■ **TASK DETAILS**: Take every line of the material below that includes the string "silver" and copy it out.

▼

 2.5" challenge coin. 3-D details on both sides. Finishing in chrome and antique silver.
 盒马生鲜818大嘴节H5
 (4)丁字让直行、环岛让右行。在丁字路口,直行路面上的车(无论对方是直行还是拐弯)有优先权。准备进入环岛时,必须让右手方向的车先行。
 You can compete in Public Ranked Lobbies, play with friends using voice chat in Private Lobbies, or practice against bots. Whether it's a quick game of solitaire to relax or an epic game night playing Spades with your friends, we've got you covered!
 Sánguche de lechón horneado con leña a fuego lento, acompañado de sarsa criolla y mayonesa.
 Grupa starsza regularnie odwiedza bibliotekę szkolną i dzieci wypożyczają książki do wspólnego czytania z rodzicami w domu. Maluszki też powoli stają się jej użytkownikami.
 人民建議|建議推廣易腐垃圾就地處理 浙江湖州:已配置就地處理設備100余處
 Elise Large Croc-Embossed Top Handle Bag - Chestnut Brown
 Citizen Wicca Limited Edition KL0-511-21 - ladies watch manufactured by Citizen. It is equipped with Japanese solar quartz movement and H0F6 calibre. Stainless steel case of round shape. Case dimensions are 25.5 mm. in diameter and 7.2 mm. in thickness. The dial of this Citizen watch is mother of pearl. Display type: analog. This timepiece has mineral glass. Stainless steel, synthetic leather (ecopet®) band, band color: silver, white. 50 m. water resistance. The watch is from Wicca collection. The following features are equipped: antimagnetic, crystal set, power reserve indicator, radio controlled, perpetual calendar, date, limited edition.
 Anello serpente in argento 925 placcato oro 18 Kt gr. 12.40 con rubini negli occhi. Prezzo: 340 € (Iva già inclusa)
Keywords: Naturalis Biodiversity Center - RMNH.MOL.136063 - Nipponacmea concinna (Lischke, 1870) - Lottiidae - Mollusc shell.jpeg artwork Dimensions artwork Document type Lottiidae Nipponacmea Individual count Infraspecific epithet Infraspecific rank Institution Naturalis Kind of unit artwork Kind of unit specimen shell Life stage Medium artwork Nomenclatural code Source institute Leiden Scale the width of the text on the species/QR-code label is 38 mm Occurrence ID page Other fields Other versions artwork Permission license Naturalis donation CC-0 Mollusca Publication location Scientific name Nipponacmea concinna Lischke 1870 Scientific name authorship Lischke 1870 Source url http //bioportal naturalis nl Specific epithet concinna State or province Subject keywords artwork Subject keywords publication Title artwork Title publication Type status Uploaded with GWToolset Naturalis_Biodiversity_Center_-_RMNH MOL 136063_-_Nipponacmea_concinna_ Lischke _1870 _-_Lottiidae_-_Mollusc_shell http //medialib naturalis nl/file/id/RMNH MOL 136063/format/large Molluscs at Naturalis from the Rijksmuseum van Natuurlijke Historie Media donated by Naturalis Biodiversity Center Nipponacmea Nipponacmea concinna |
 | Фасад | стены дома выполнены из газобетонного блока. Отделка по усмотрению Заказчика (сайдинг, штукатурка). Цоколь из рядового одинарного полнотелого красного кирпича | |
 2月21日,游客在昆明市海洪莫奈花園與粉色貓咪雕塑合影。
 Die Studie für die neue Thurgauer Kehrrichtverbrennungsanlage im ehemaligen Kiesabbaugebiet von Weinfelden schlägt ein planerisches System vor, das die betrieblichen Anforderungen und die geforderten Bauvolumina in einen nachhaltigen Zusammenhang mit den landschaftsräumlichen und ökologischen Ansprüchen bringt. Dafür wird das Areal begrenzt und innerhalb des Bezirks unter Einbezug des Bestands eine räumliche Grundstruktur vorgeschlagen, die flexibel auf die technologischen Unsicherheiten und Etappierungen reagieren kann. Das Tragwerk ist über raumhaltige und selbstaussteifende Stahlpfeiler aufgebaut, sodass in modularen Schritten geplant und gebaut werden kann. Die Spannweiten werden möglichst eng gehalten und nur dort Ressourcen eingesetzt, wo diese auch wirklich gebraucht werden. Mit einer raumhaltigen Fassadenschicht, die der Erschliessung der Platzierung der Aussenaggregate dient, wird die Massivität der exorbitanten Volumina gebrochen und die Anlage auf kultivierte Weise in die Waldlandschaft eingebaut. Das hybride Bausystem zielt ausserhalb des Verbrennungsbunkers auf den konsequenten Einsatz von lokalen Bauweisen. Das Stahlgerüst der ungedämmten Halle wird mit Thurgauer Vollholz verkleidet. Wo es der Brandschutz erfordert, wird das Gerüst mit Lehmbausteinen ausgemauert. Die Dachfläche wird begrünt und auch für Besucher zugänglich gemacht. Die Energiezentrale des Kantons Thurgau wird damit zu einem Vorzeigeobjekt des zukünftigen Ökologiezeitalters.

▲

■ **OUTPUT FOR THIS EXERCISE**:
 2.5" challenge coin. 3-D details on both sides. Finishing in chrome and antique silver.
 Citizen Wicca Limited Edition KL0-511-21 - ladies watch manufactured by Citizen. It is equipped with Japanese solar quartz movement and H0F6 calibre. Stainless steel case of round shape. Case dimensions are 25.5 mm. in diameter and 7.2 mm. in thickness. The dial of this Citizen watch is mother of pearl. Display type: analog. This timepiece has mineral glass. Stainless steel, synthetic leather (ecopet®) band, band color: silver, white. 50 m. water resistance. The watch is from Wicca collection. The following features are equipped: antimagnetic, crystal set, power reserve indicator, radio controlled, perpetual calendar, date, limited edition.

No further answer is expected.